Re: notes on use cases from Dave Reynolds on 2003-04-08 (www-rdf-dspace@w3.org from April 2003)

From: Dave Reynolds <der@hplb.hpl.hp.com>
Date: Tue, 08 Apr 2003 14:01:47 +0100
To: "Butler, Mark" <Mark_Butler@hplb.hpl.hp.com>
CC: "'SIMILE public list'" <www-rdf-dspace@w3.org>
Message-ID: <3E92C83B.A9FC9D11@hplb.hpl.hp.com>
"Butler, Mark" wrote:
> 
> > 3.2.6
> >
> > I am made nervous by the discussion of inferencing search.  This
> > formulation takes a tractable database problem and turns it into an
> > NP-hard or even undecidable computational nightmare.
> 
> I'm not an expert on Description Logics, but I thought the point of DL's
> were they ensured the problems were not NP-hard (although Jeremy Carroll,
> our OWL WG member here at HP has expressed some concern recently about
> whether this is true in the current version of OWL). Have I misunderstood
> something here?

Description Logics are indeed more tractable than full first order predicate
calculus, they are decidable where FOPC is undecidable. 
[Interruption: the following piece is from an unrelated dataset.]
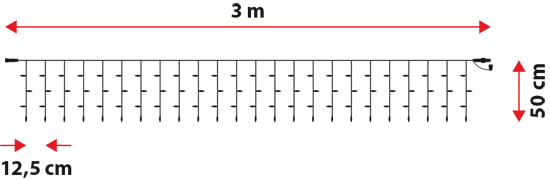 Cortina 3 x h 0,5 m, 120 maxiled blanco frío, cable transparente, prolongable

David is right that they can still be hard. Complete OWL-lite inference is, I
believe, EXPTIME (i.e. worse than NP) and OWL-DL is NEXPTIME (i.e. quite a bit
worse than that). However, For languages of the complexity of OWL-lite up to
nearly all of OWL-DL there are working systems that give effective answers in
short time on substantial datasets - i.e. there are demonstrations that they are
tractable in practice, even though the worst case complexity is horrible. This
is not true for the whole of OWL-DL - tractable implementation of that is a
research issue.

But ... for SIMILE there are lots of possible uses for inference and
corresponding methods of providing it that are entirely tractable.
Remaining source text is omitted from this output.